Усиливавшееся отталкивание от современной западноевропейской действительности влекло поэта к двум противоположным географическим и культурным полюсам. С одной стороны, это были Соединенные Штаты Америки, страна, которую он помнил по своей поездке в Мексику в 1905 году[1853] и в которой у Бальмонта сейчас появились пламенные поклонники. В числе их были философ и поэт Эдгар Нобль; его русская жена Лидия Львовна Пименова-Нобль и их дочь, юная поэтесса Лидия (Лилли) Нобль, с которой в начале 1925 года у поэта завязалась оживленная переписка и которая вызвалась заняться переводами и пропагандой его творчества в американской среде. «Я счастлив знать, что имя мое Вам нечуждо, и вдвойне рад, что между Вами, дочерью России и прекрасной страны Эдгара По, и мною, вечно тоскующим о России и мечтающим о тех местах, где проходил создатель „Ворона“, „Аннабель-Ли“ и „Лигейи“, есть внутренний путь», — писал ей поэт 3 марта 1925 года[1854]. Она напечатала в местной газете «Boston Transcript» статью о Бальмонте, которую он расценил как лучшее из сказанного о нем: «Только Вы одна по-настоящему приласкали и приветили мой жизненный праздник, мой завершенный круг. Русские люди сейчас поглощены несчастьями и политикой. Они почти не видят меня, как не видели в начале моего пути. Все последние месяцы мне это было очень больно, хоть я сам себе в том не признавался. Вы стерли эту боль, и я снова горд. Вы читали статьи обо мне русских журналов, — они поверхностные и пустяшные. А Ваш очерк, продиктованный истинной любовью к моей поэзии, — продиктованный весенним Вашим поэтическим сердцем, — для меня — как душистый грозд винограда, как тяжелая красочная перевязь цветов, как родной мой сад, полный пения птиц»[1855]. В очерке говорилось:
Among cultured Russians the world over, Balmont is a name to conjure with. It stands for a poetry that is sheer music and dazzling sunshine; it stands also, for a genius that is at once intensely Russian and as universal as the sun itself. Already widely known in Europe through excellent translations of his works, this greatest lyric of contemporary Russia merits a still wider recognition from English-speaking students of literature and lovers of poetry.[1856]

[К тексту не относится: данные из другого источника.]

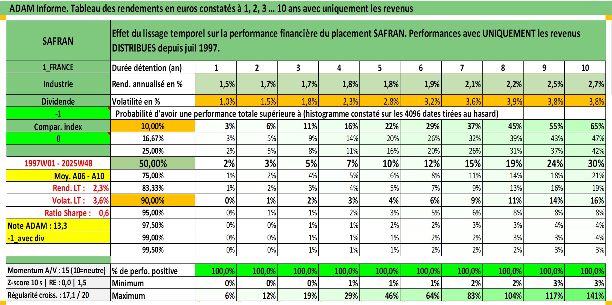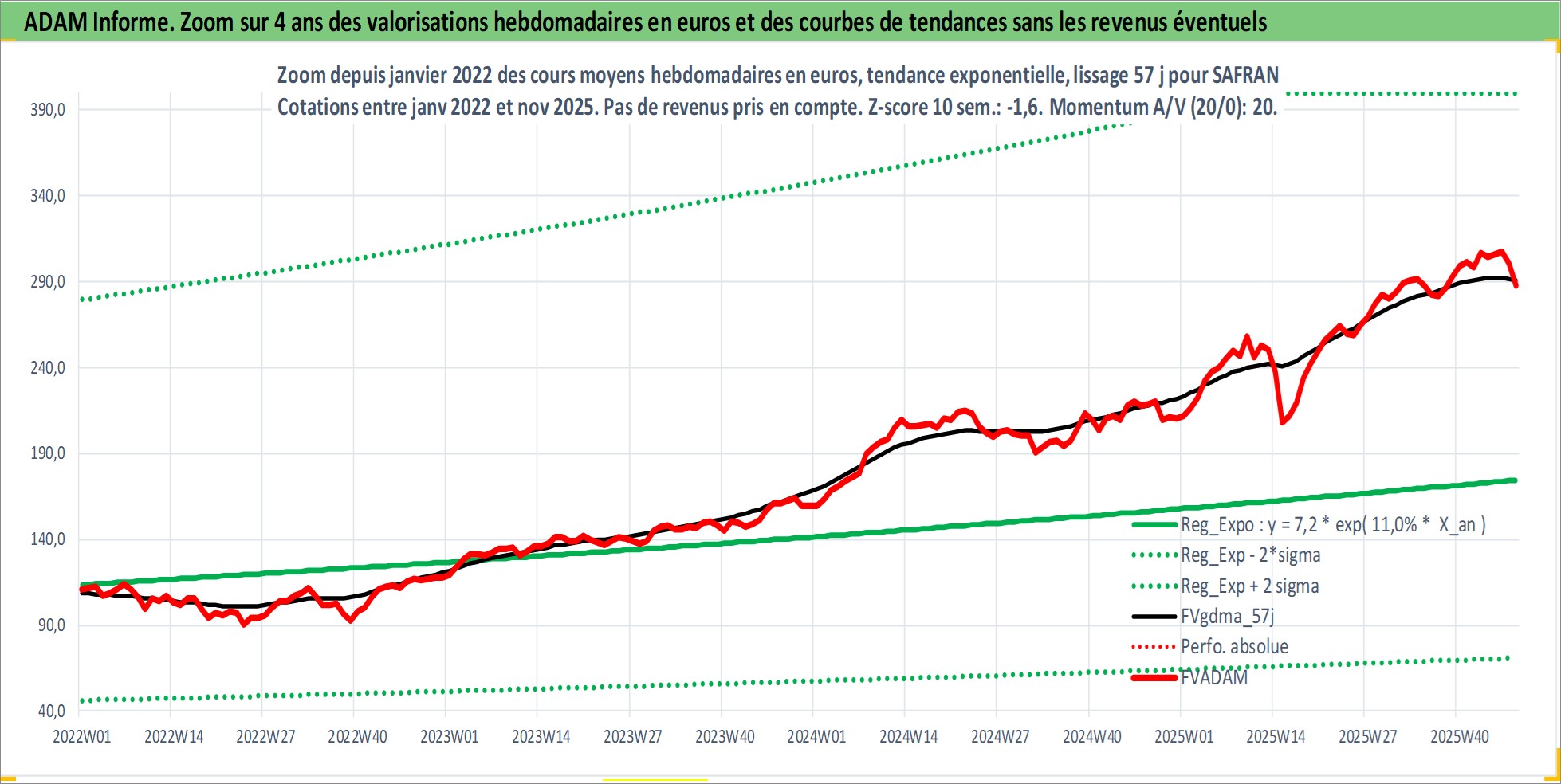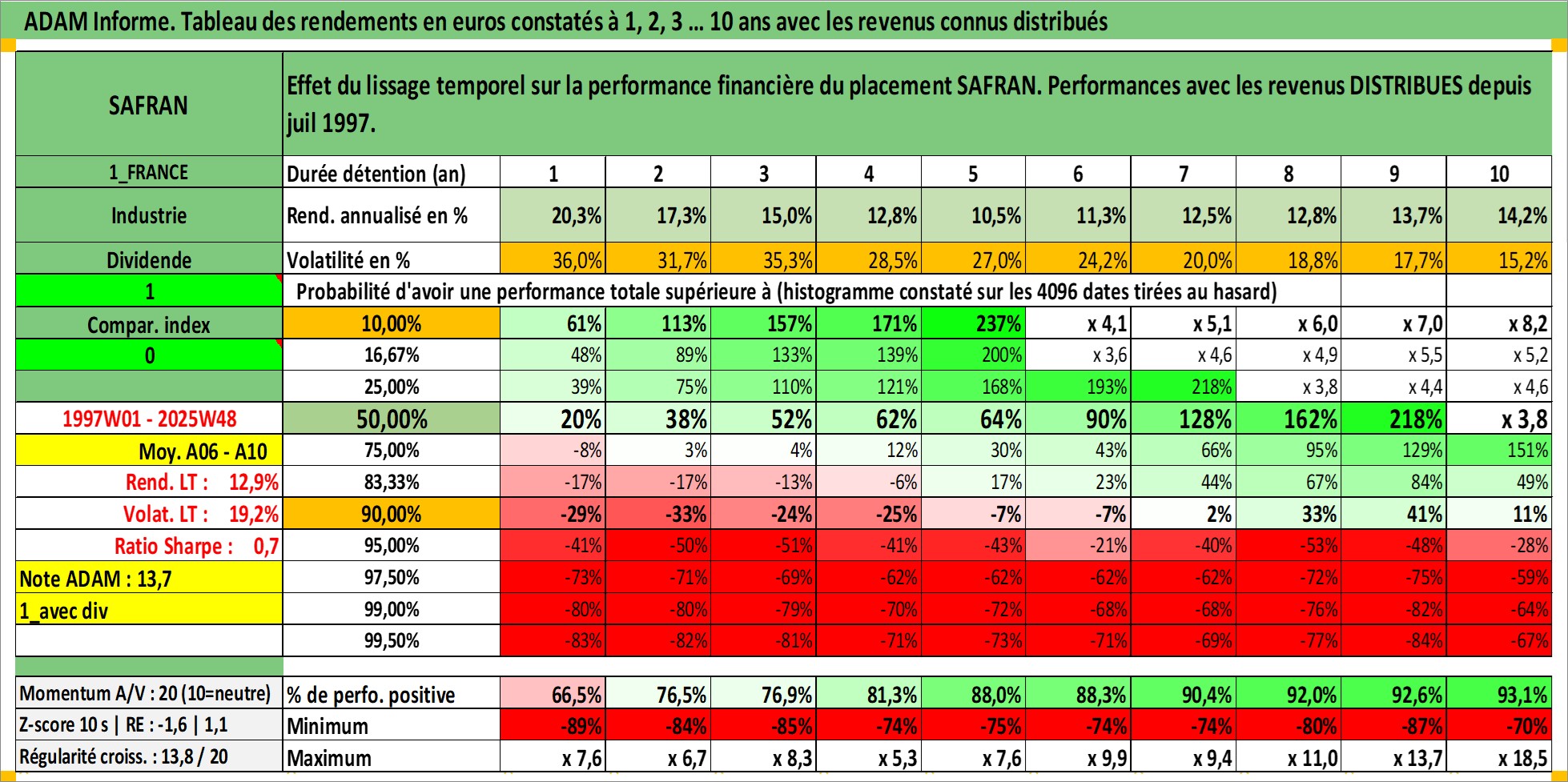 Site dédié aux investisseursPage dédiée sur site financeAnalyse des valorisations hebdomadaires de l'action SAFRAN. Cet actif est cote en EUR. Les valorisations couvrent les semaines 1997W01 a 2025W48. Les revenus de cet actif financier sont pris en compte depuis la semaine 1997W28. La note globale ESG de cet actif est estimee a 9.0 (apres rebasage entre 0 et 20).

Подчеркивая «универсализм» бальмонтовского гения и творчества, автор статьи писала:
Balmont’s poetry is not only light and joyousness, it is essentially music. His use of assonance and alliteration, as well as of rhyme and rhythm, combines to produce striking effects. His verse has been called «fugal», and justly, for its holds a marvelous interweaving of inner melodies. It is characteristic that he speaks of himself, not as composing or writing poetry, but as «singing». For sheer musical beauty his finest lyrics stand with Shelley’s «Cloud» and «To a Sky-Lark».[1857]
Эти характеристики не только прямо отвечали самоощущению поэта, но и в значительной степени были внушены начинающей поэтессе самим Бальмонтом в переписке с нею[1858].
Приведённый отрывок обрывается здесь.